Lyft co-founder John Zimmer is asking people to imagine a “world built around people, not cars,” predicting that “by 2025, private car ownership will all-but end in major U.S. cities,” as autonomous vehicle fleets become widespreadFootnote 1. We see in our audit of vehicle safety oversight that it can take Transport Canada more than 10 years to develop many of its regulations related to vehicles—so if John Zimmer’s prediction is correct, the Department is already behind. It is critical for government departments to understand that their services need to be built around citizens, not process—or they can expect that those services will be disrupted.
While I make this plea for improving services on behalf of the individual citizen, I do understand that the job of a civil servant is not easy. Civil servants have to balance the needs of society against those of the individual, and often with limited resources. This balancing act becomes even more difficult in periods of austerity.
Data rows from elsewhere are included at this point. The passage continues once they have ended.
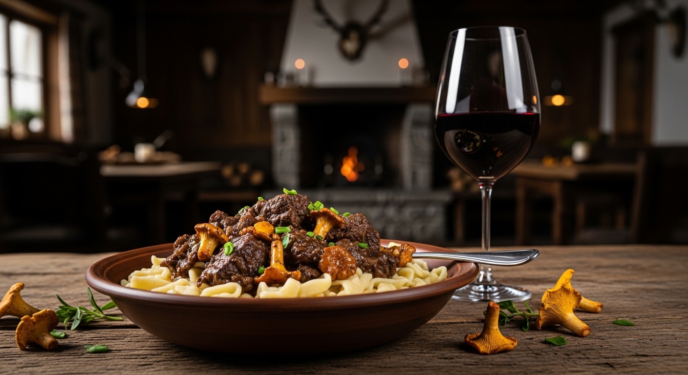 Die Wälder rund um Siegen sind Wildrevier par excellence. Wildschwein, langsam in kräftigem Dunkelbier geschmort, ist ein Festessen, das nach kalten Wintertagen und knisterndem Kaminfeuer schmeckt – ein Gericht mit Wurzeln in der Siegerländer Jagdtradition.
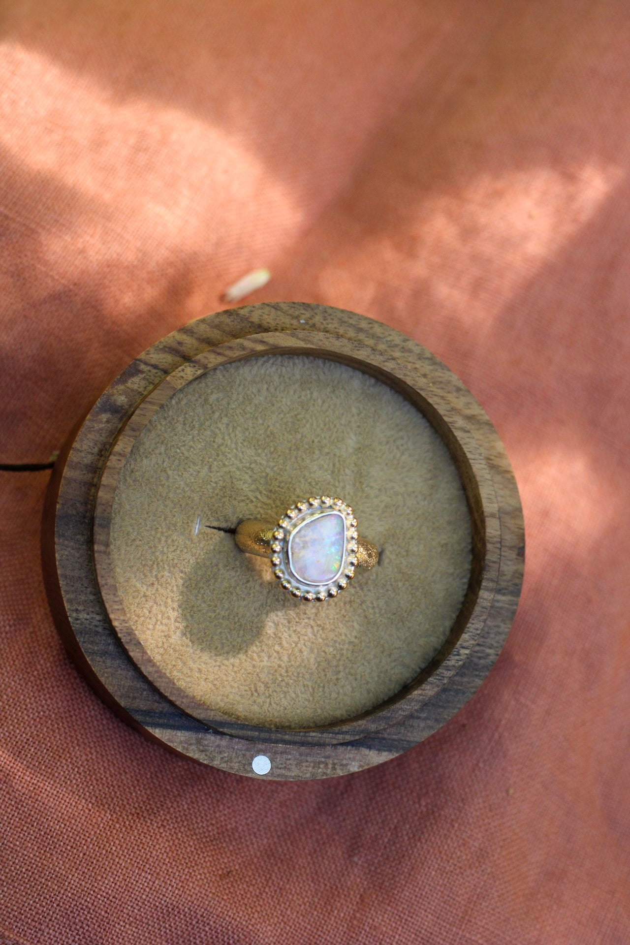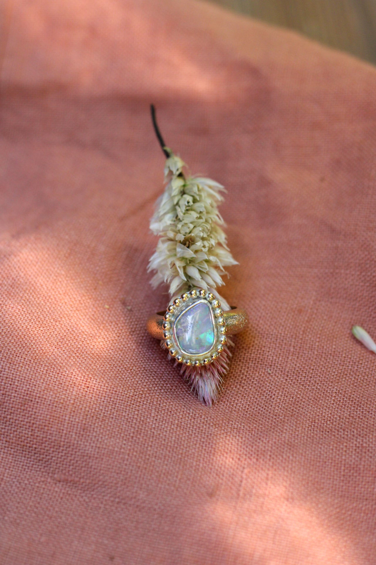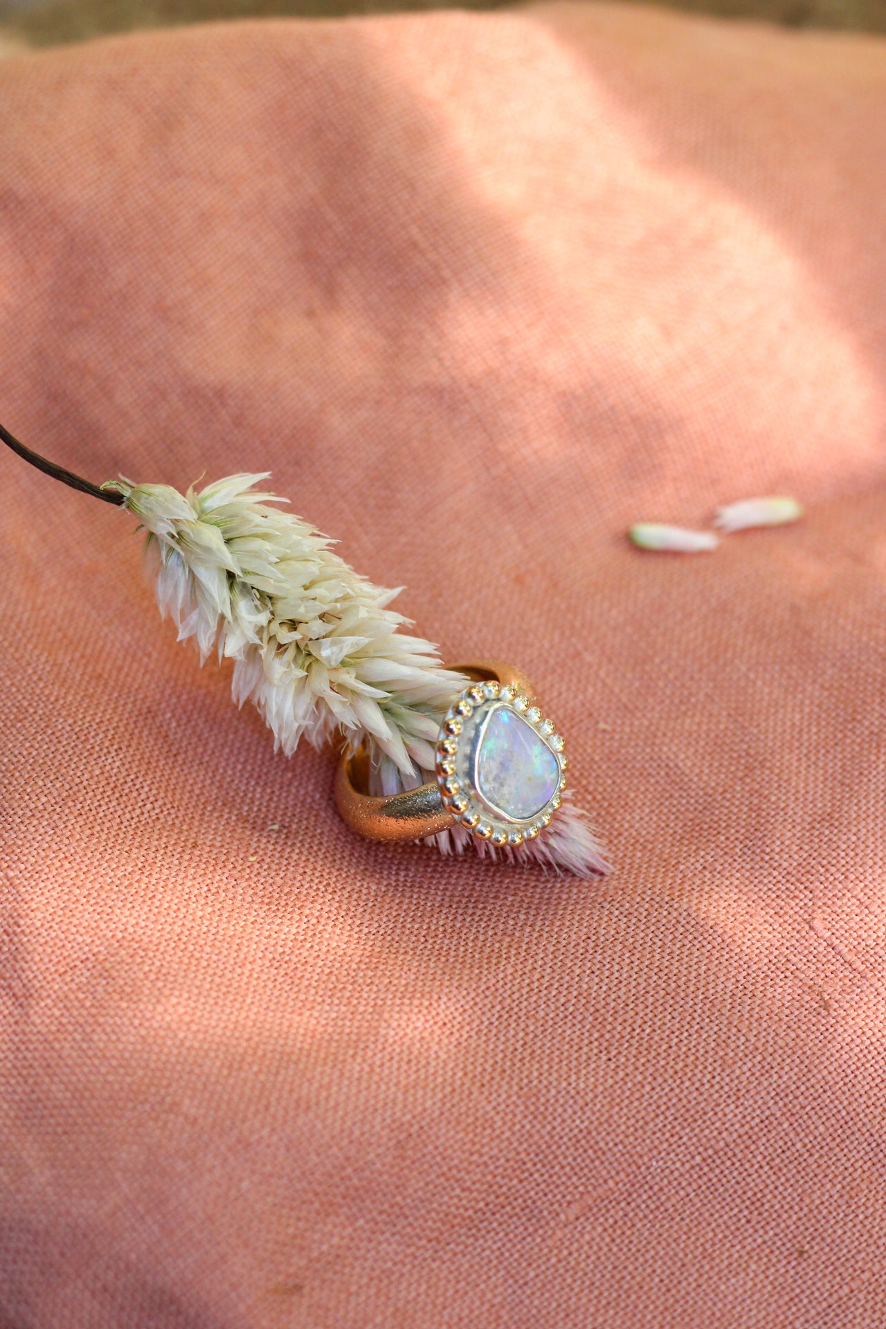 This Australian Boulder Opal Ring enchants with its pastel hues, set delicately inside a beaded frame. The thick golden band, textured by a diamond point, captures light to create a shimmering sparkle, mimicking stardust.
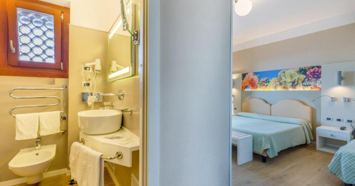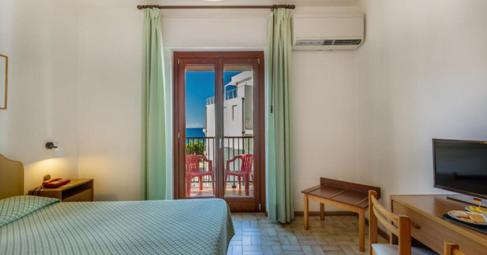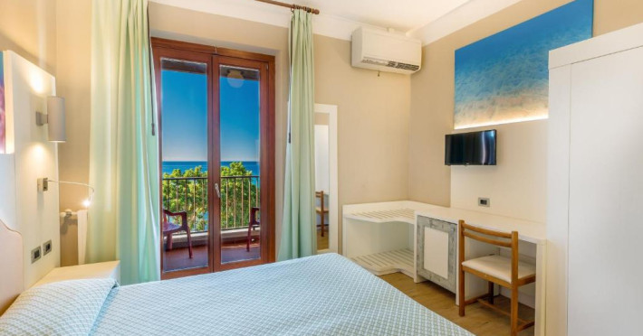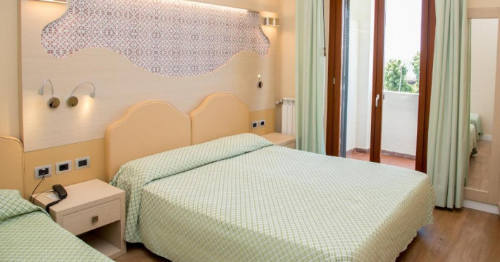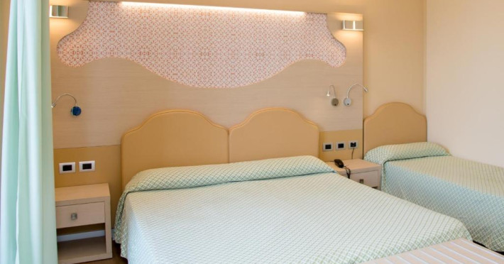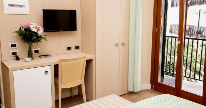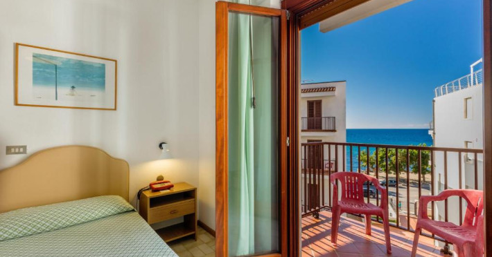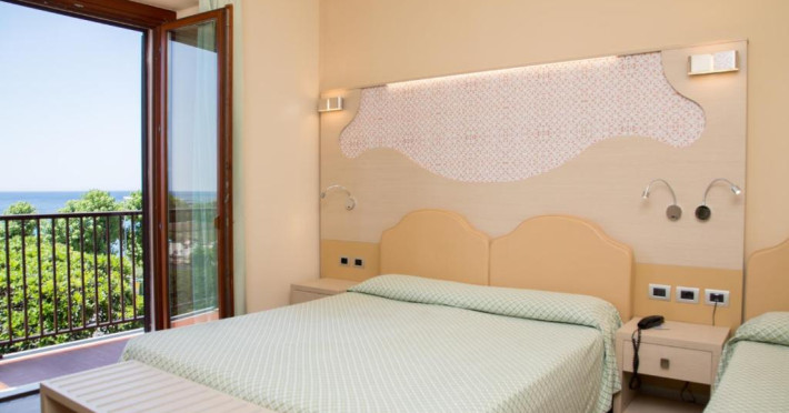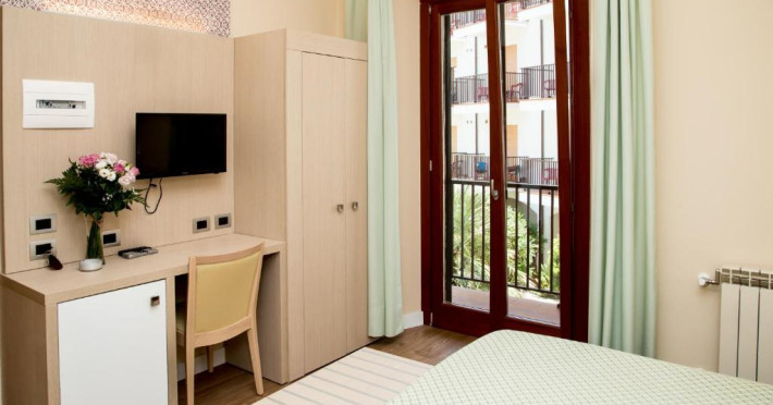 Camere Hotelului El Balear, luminoase, confortabile și spațioase, sunt prevăzute cu facilități moderne și balcon cu vedere la mare.
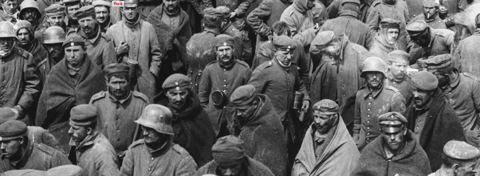 April, 1918, Givenchy Road, France--this is an official war photograph of captured German soldiers. There are hundreds of smaller photographs composing the larger full photo of this mass scene of fear, relief, exhaustion, and boredom. Everywhere a portrait, and each portrait with a different story to tell.

In addition, civil servants work in a fast-paced, changing world, but one in which government decisions can be slow.
Conclusion
Parliamentary committees play a crucial role in challenging departments. I believe that there is an important role for parliamentary committees, whether those of the House of Commons or the Senate, to use our audit reports not just to understand what has happened, but also to make sure that changes take place. Committees should invite departments and agencies to appear before them multiple times, until it is evident that they have made the changes needed to improve their services to people.
In a few years, when this government is at the end of its current mandate and I am nearing the end of mine, I wonder if I will find myself repeating these words, or if I will be able to talk about real improvements in government services built around people.